Understanding the Results#
After running synthesis, you’ll see:
A preview table showing the first few generated samples
The total number of samples created
Instructions for using the dataset in training
Each line in the output file contains one example:
{"difficulty": "easy", "question": "What is the largest continent?", "answer": "Asia"}
{"difficulty": "hard", "question": "Which country has the most time zones?", "answer": "France"}
Next Steps: Building More Complex Datasets#
Once you’re comfortable with the basics, you can create more sophisticated datasets:
Adding Multiple Attributes#
Mix and match different properties (topic + difficulty + style):
sampled_attributes:
- id: topic
possible_values: [{id: geography}, {id: history}, {id: science}]
- id: difficulty
possible_values: [{id: easy}, {id: medium}, {id: hard}]
- id: style
possible_values: [{id: formal}, {id: casual}, {id: academic}]
Using Your Own Data#
Feed in existing datasets or documents:
input_data:
- path: "my_existing_data.jsonl"
input_documents:
- path: "textbook.pdf"
Supported dataset formats (input_data): JSONL, JSON, CSV, TSV, Parquet, and XLSX. For XLSX files, every sheet is concatenated into a single dataset, so you can keep related tabs in one workbook. Globs are supported:
input_data:
- path: "data/**/*.xlsx"
Supported document formats (input_documents): .pdf, .txt, .md, .html, and .docx. DOCX files are parsed paragraph-by-paragraph.
Note
XLSX / DOCX parsing require the synthesis extras: pip install oumi[synthesis].

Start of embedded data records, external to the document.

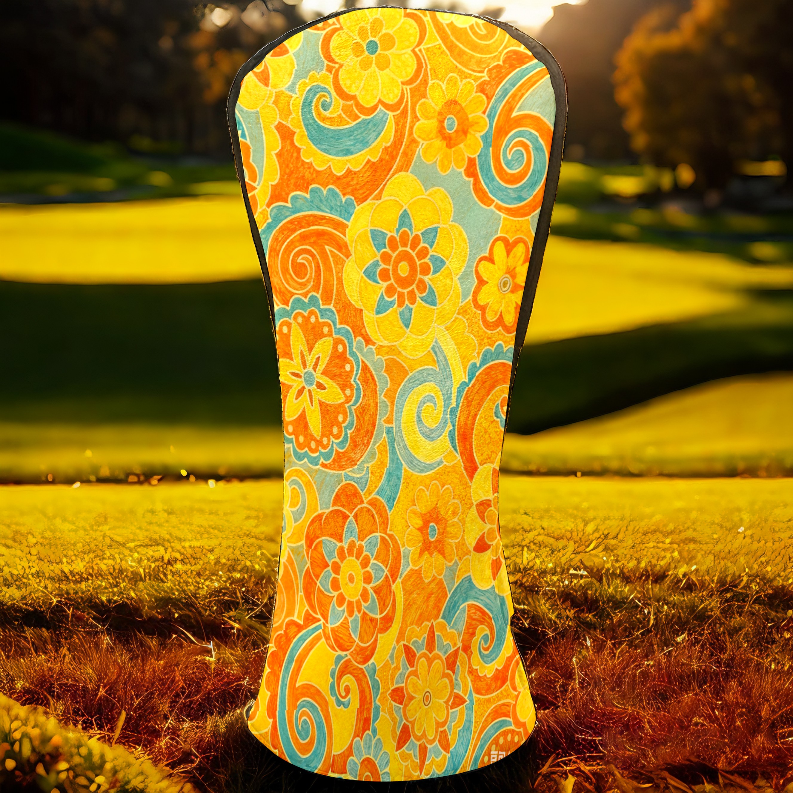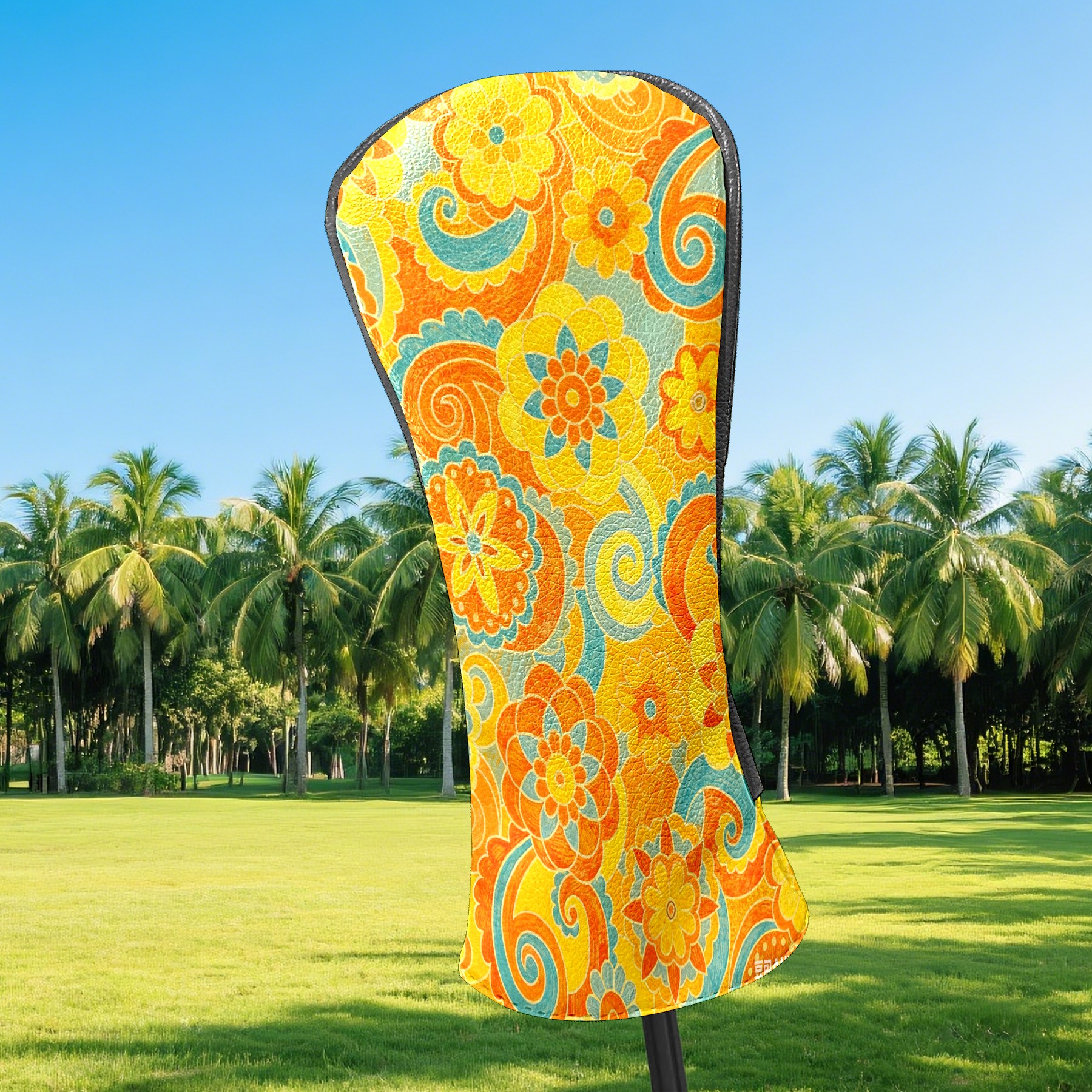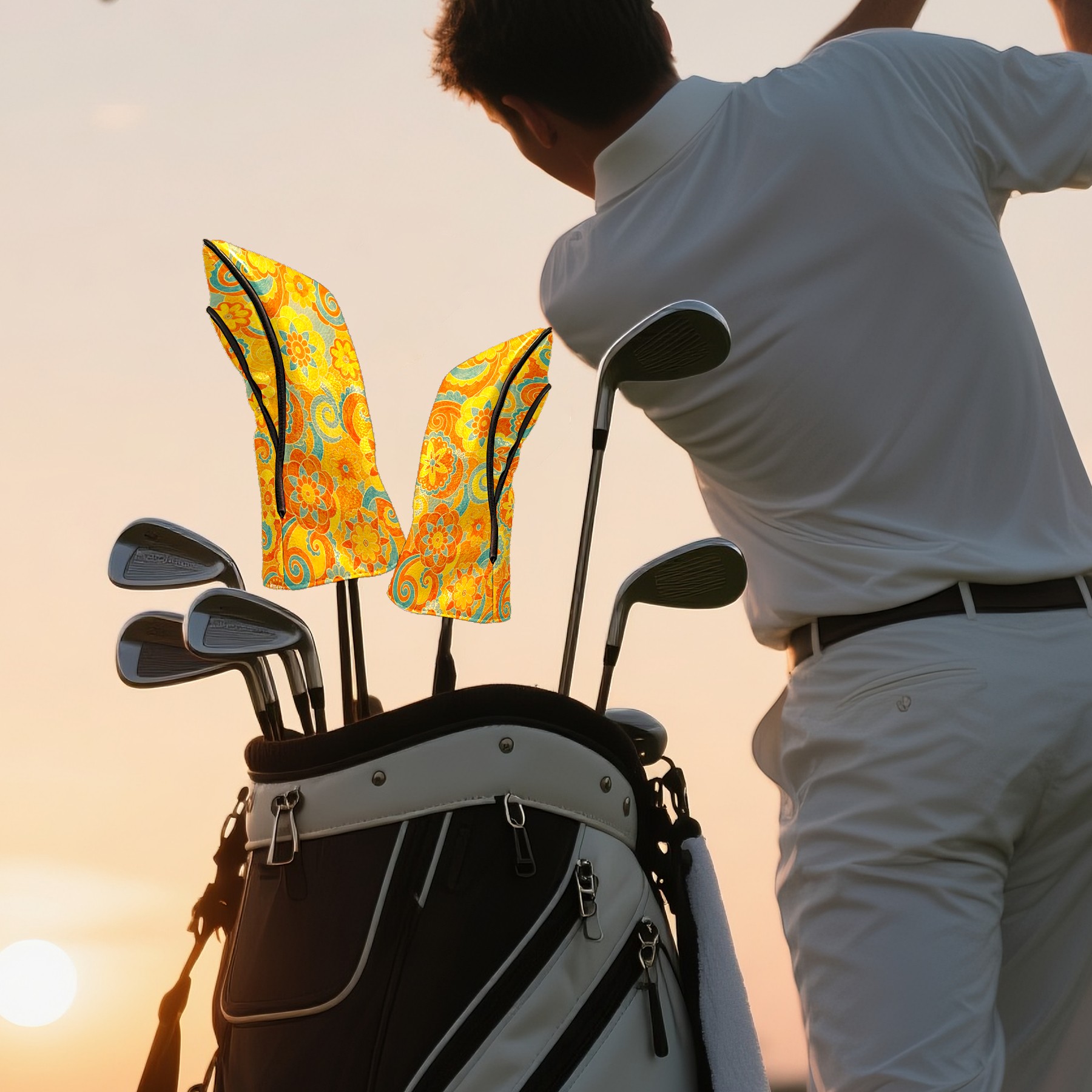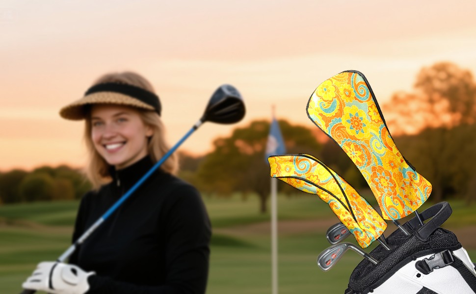 Golf Headcovers Fits Driver Hybrid Fairway 3/8 Wood, Waterproof PU Leather Golf Club Protector, Ideal Sports Accessories & Golfer Gift Orange Flower
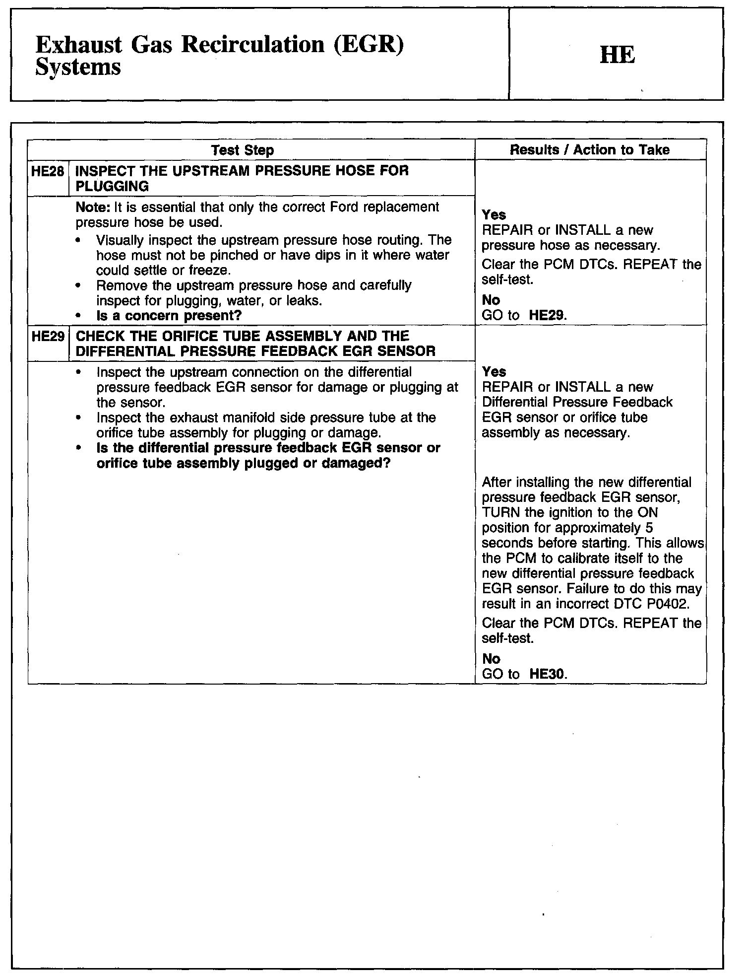 Test HE: Exhaust Gas Recirculation (EGR) Systems
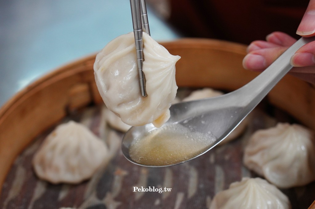 身為資深板橋人,PEKO覺得在板橋賣小籠包的店家比賣小籠湯包的店家多很多,「吳家蒸餃」的小籠湯包一籠有8顆,看起來雖有點乾扁,但是可以倒出湯汁的,而且還不少,肉餡也蠻鮮甜的,只是110元的價格不算便宜。
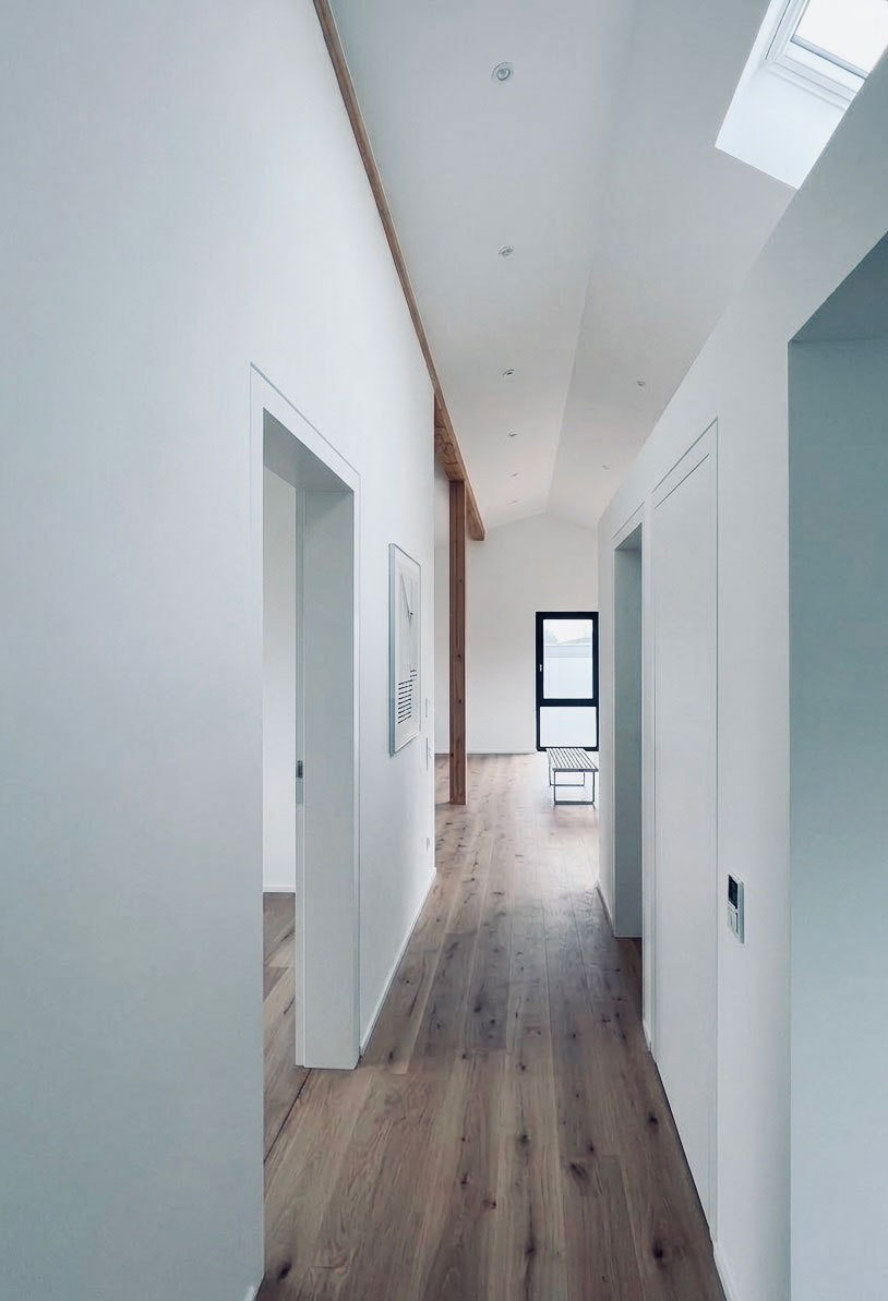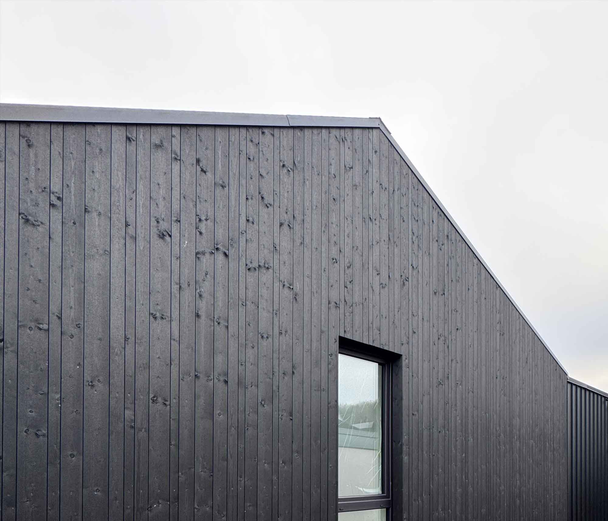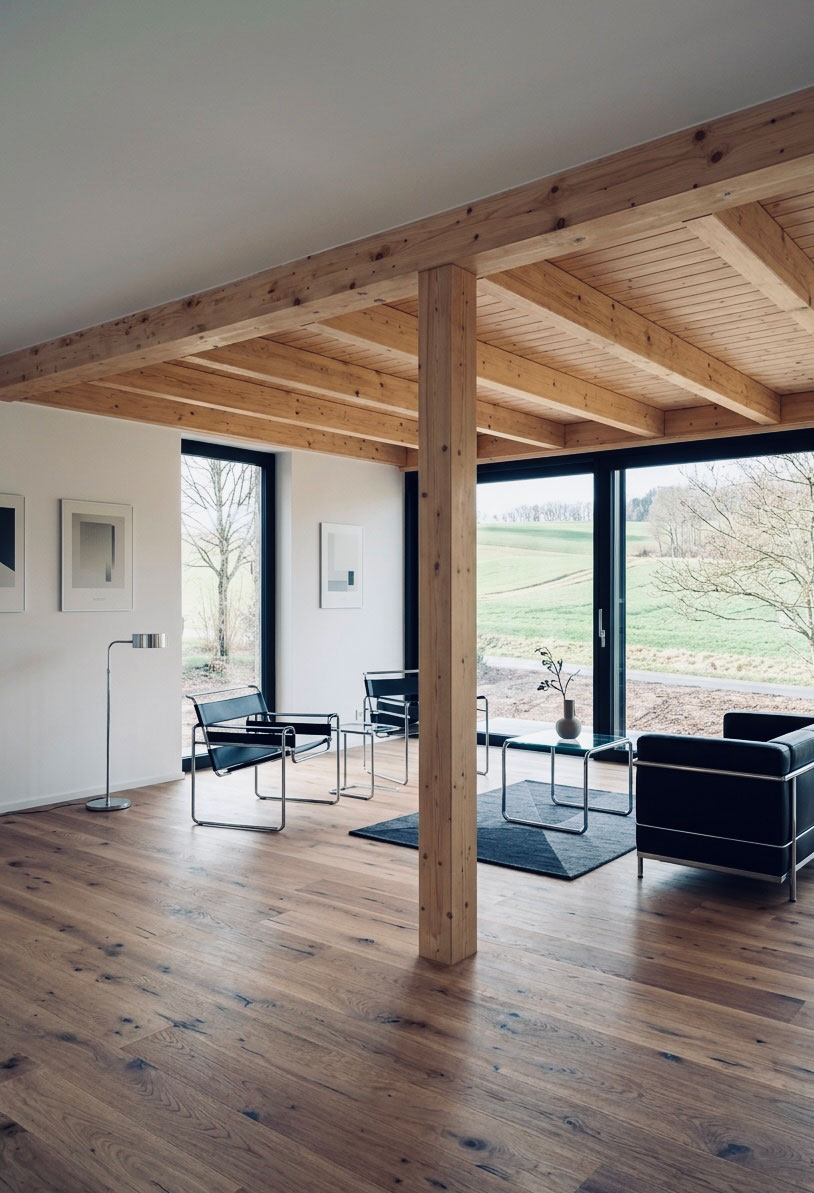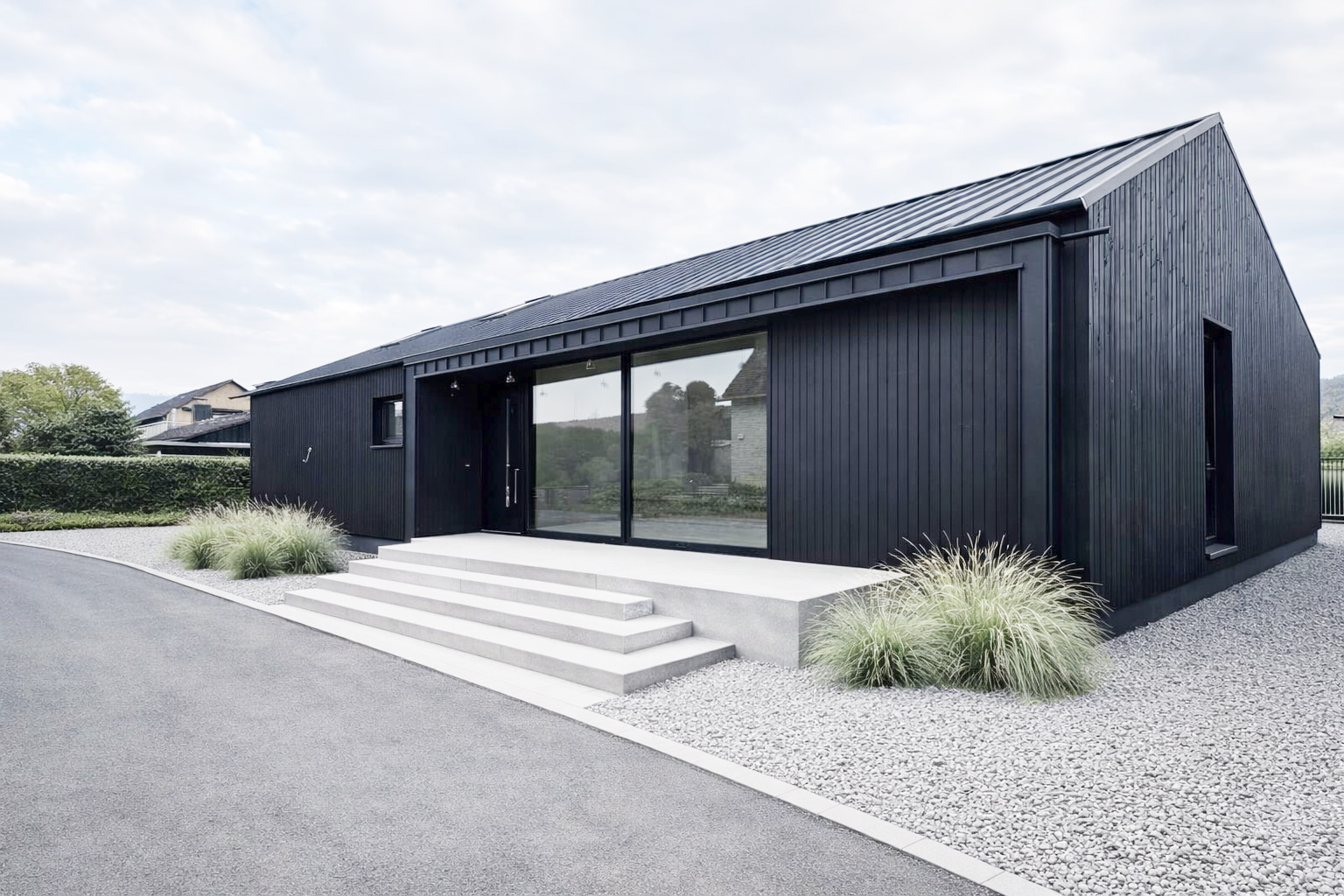 Die Bauherren wünschten sich ein Gebäude, das sowohl gestalterisch als auch ökologisch überzeugt. In enger Zusammenarbeit entstand ein filigraner Bau mit dunkler, lasierter Holzfassade, die dem Haus eine klare und zugleich zurückhaltende Präsenz verleiht. Innen dominieren helle, offene Räume mit natürlicher Materialität – sichtbare Holzoberflächen, viel Tageslicht und ein harmonisches Zusammenspiel von Funktion und Atmosphäre.

Few-Shot Sampling From Sources#
When you want each synthesised sample to see multiple randomly-drawn items from a source (examples, datasets, or documents), use num_shots. This turns the source into a dynamic few-shot pool instead of round-robin enumeration.
input_examples:
- id: few_shot_examples
num_shots: 3 # draw 3 examples per synthesis sample
examples:
- task_type: "summarization"
example_input: "..."
- task_type: "translation"
example_input: "..."
# ...
generated_attributes:
- id: instruction
instruction_messages:
- role: USER
content: |
Example 1: {few_shot_examples[0].example_input}
Example 2: {few_shot_examples[1].example_input}
Example 3: {few_shot_examples[2].example_input}
Now produce a new, different example.
Rules:
num_shots: Noneor1→ the source behaves as before (round-robin), reference fields as{id.field}.num_shots > 1→ bracket notation{id[i].field}is required, andidmust be set.Works uniformly across
input_examples,input_data, andinput_documents.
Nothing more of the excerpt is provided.